Depois de me privar de muita coisa, senti alguma melhora e finalmente decidi buscar ajuda profissional (estamos aqui tentando manter as contas e a sanidade mental em dias).
Escrevi um outro texto (o amor do outro é o que eu quero), onde começo comentando o quanto estudos já comprovam que o amor, o afeto, fazem bem ao desenvolvimento psicológico de crianças, que em breve serão adultas e precisam já ter de antemão essa reserva extra de amor pra poderem lidar com menos problemas com todas as rejeições e frustrações que certamente terão. E finalizo com uma questão:
[…] E, agora, depois de grande, adulta, toda fudida, cheia de trauma, contas e quilogramas para perder, como tentar suprir essa falta de amor com o bendito amor-próprio? Como continuar vivendo com a possibilidade da ausência do amor? Como continuar estudando, lendo, me esforçando pra compreender a vida solitária como uma autêntica e possível forma de viver bem se… tudo o que a gente quer, como diria Freud, é ser amado pelo Outro? Como?
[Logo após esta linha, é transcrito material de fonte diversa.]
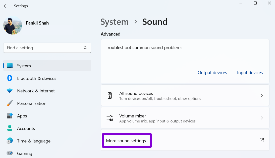 Paso 2: Desplácese hacia abajo hasta la sección Avanzado y haga clic en Más configuraciones de sonido.

Percebi que me encontro em uma situação sem resposta: como conviver bem com a solidão juntamente com o desejo presente pelo amor do outro? São pensamentos, necessidades e sentimentos completamente distintos. Que me tiram dar dor e me levam de volta a ela rapidamente. Sem parar. O tempo todo. Então, não pensem que isso me ajudou, meu humor tem sofrido alterações drásticas e meus comportamentos têm se tornado mais compulsivos que nunca, a ansiedade tem me trazido dores antes desconhecidas e a melancolia agora é uma visita constante, que sempre chega de surpresa e é inconveniente.
Ainda não sinto muita vontade de sair de casa e estou completamente amedrontada com a possibilidade de qualquer amor pra mim, mesmo que eu nem vislumbre isso acontecendo agora. Eu, que tanto quero, não sei como receber, porque já não sei lidar com a perda e já acho que perdi antes mesmo de existir.
Não sei se de fato é isso que realmente mexe tanto comigo, mas é o que eu estou conseguindo enxergar agora. E isso tudo eu vou precisar resumir na sessão de análise mais tarde… Minha cabeça está por um triz.
Mas de noite, na hora
de dormir, e de manhã,
assim que acorda, ela
reza — às vezes ainda
chora — implorando
ao caos que dela
desista.
Boa sorte!, pequena
garotinha, a sua mãe
é você mesma. *
Os trechos de poesia em negrito são todos de Fernanda Young, do livro “Dores do amor romântico”.